→ ACTIVITY
Each line of the listing, apart from the pictures, is to be printed exactly.

→ MATERIAL PROVIDED
□ □ □ □ □

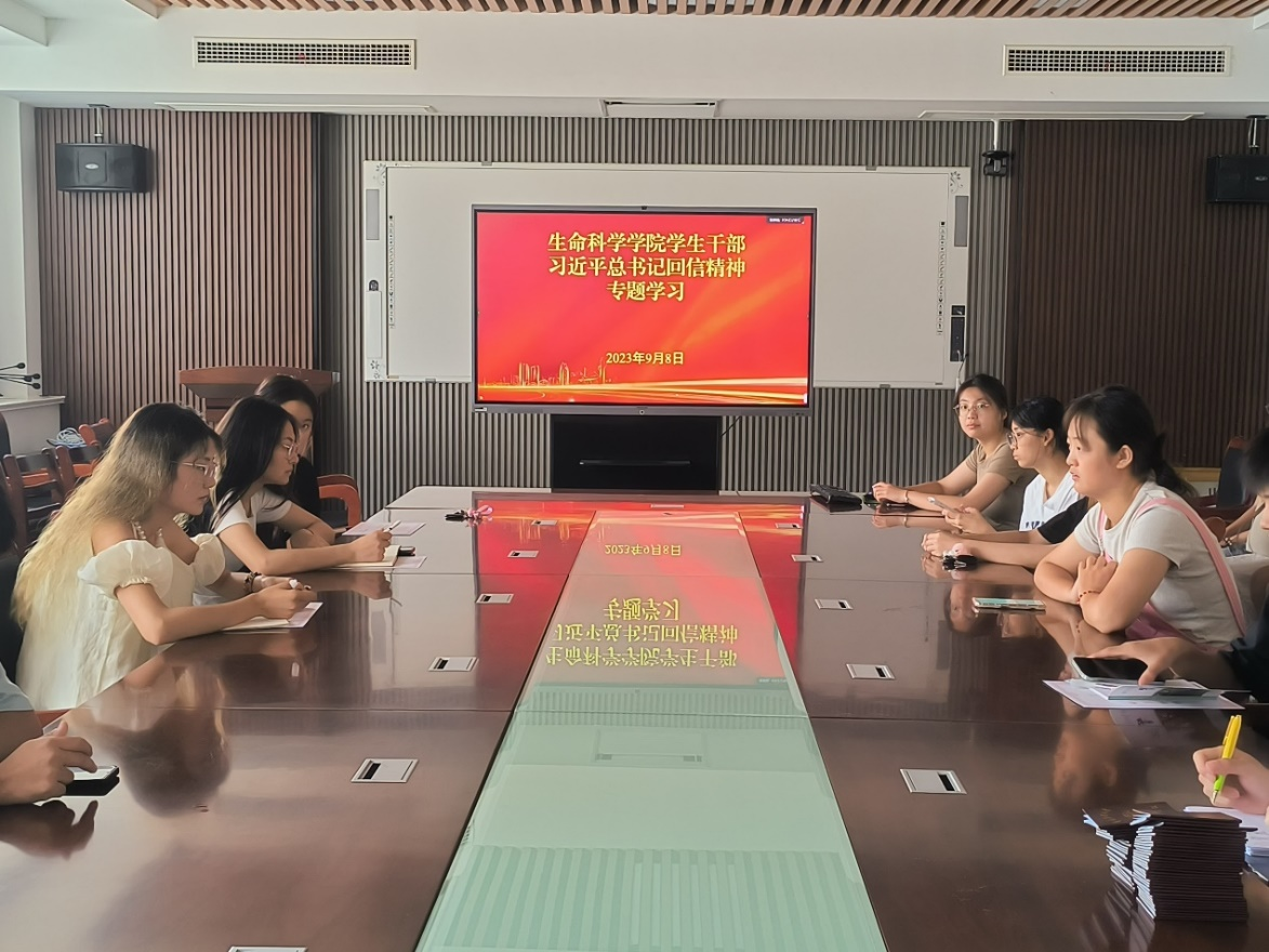 9月8日,BEAT365唯一官网在生物楼C305组织学生干部召开习近平总书记回信精神专题学习会议,会议由学院团委书记王洋主持,辅导员老师王春晓、翟秋月,全体班长书记及学生会部长、大学生发展中心主任参与会议。
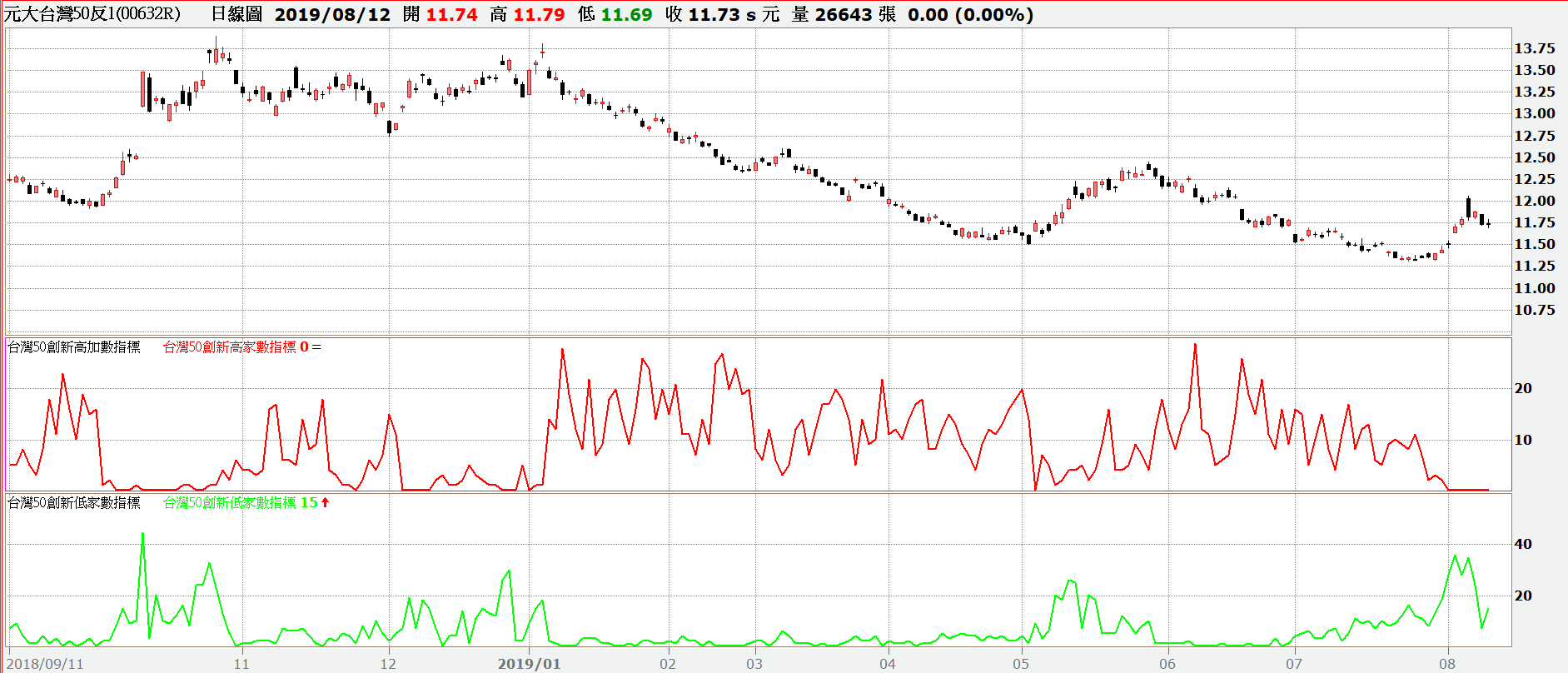 昨天跟大家介紹了台灣50的多空指標,有使用者問說在這樣的思維下,能否示範如何創造類似的指標,剛好觸發我寫0050多空指標的這位朋友,他原本就是專心在操作0050及00632R,所以原來就有一些私房的觀察指標,在取得他同意之後,今天來跟大家分享創新高與創新低指標。
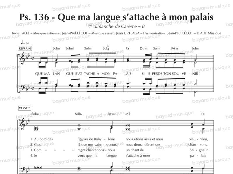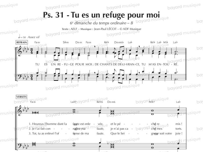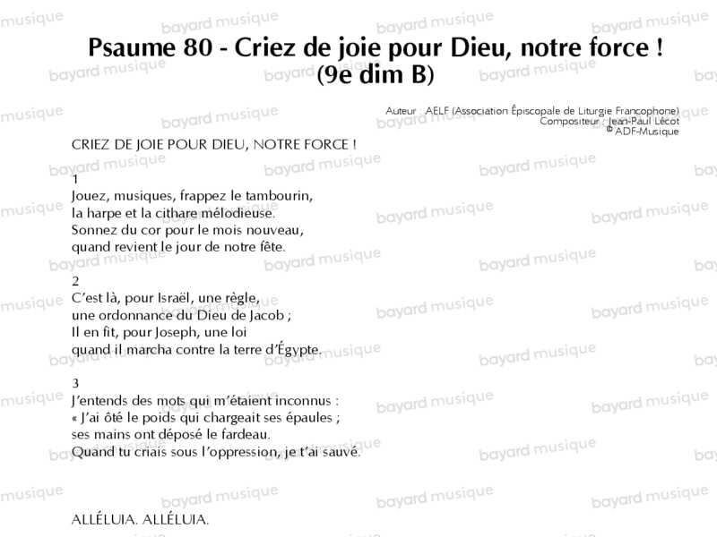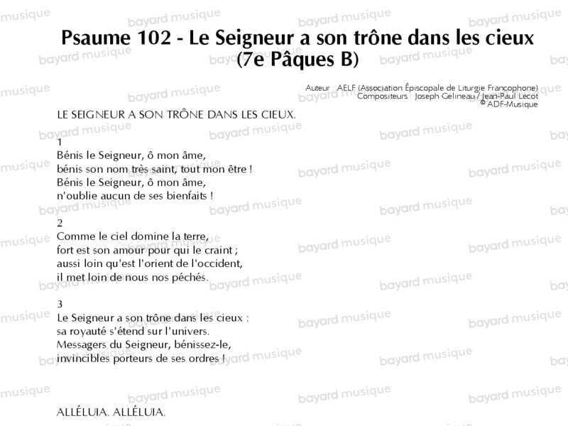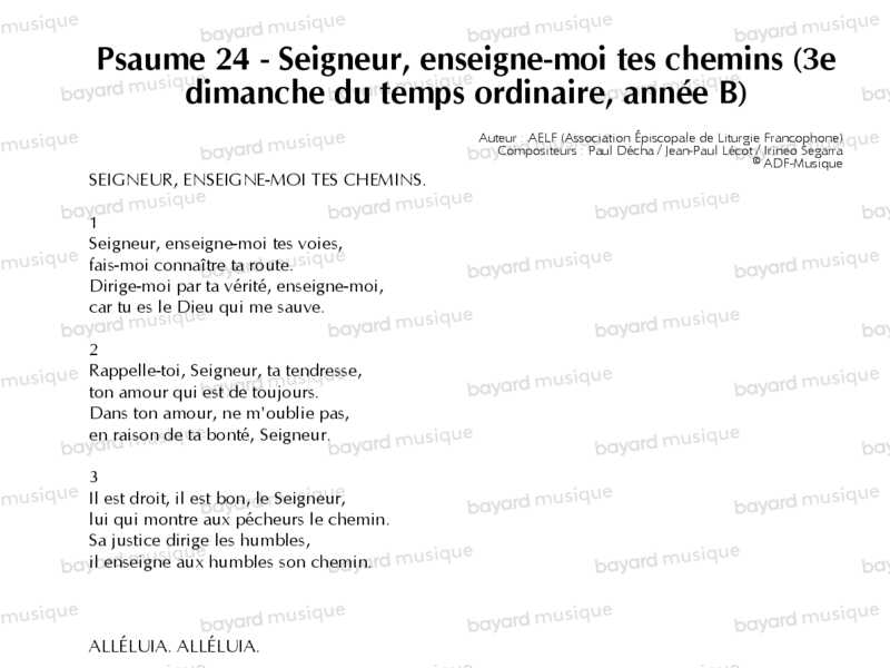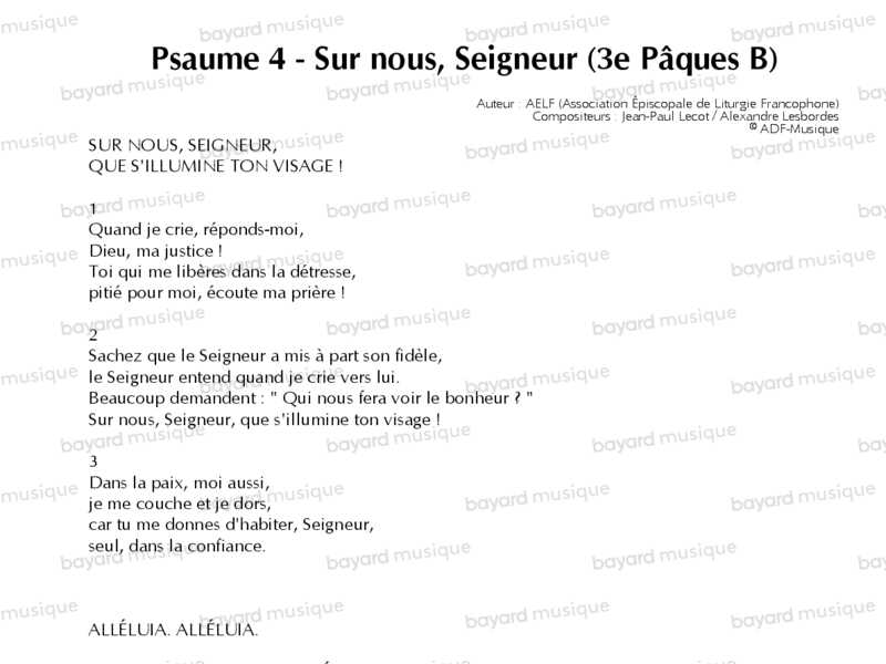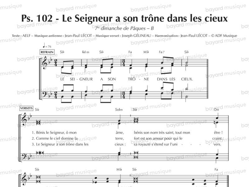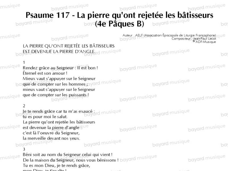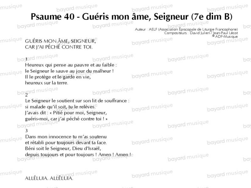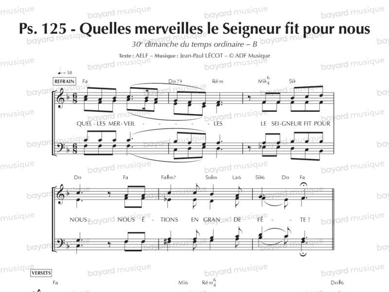 L'ensemble des psaumes et acclamations de l'Évangile pour les dimanches et fêtes de l'année B, mis en musique sous la direction de Jean-Paul Lécot, Maître de Chapelle du Sanctuaire de Lourdes.

□ □ □ □ □

→ ANSWER BOX
 9月8日,BEAT365唯一官网在生物楼C305组织学生干部召开习近平总书记回信精神专题学习会议,会议由学院团委书记王洋主持,辅导员老师王春晓、翟秋月,全体班长书记及学生会部长、大学生发展中心主任参与会议。
 昨天跟大家介紹了台灣50的多空指標,有使用者問說在這樣的思維下,能否示範如何創造類似的指標,剛好觸發我寫0050多空指標的這位朋友,他原本就是專心在操作0050及00632R,所以原來就有一些私房的觀察指標,在取得他同意之後,今天來跟大家分享創新高與創新低指標。
 L'ensemble des psaumes et acclamations de l'Évangile pour les dimanches et fêtes de l'année B, mis en musique sous la direction de Jean-Paul Lécot, Maître de Chapelle du Sanctuaire de Lourdes.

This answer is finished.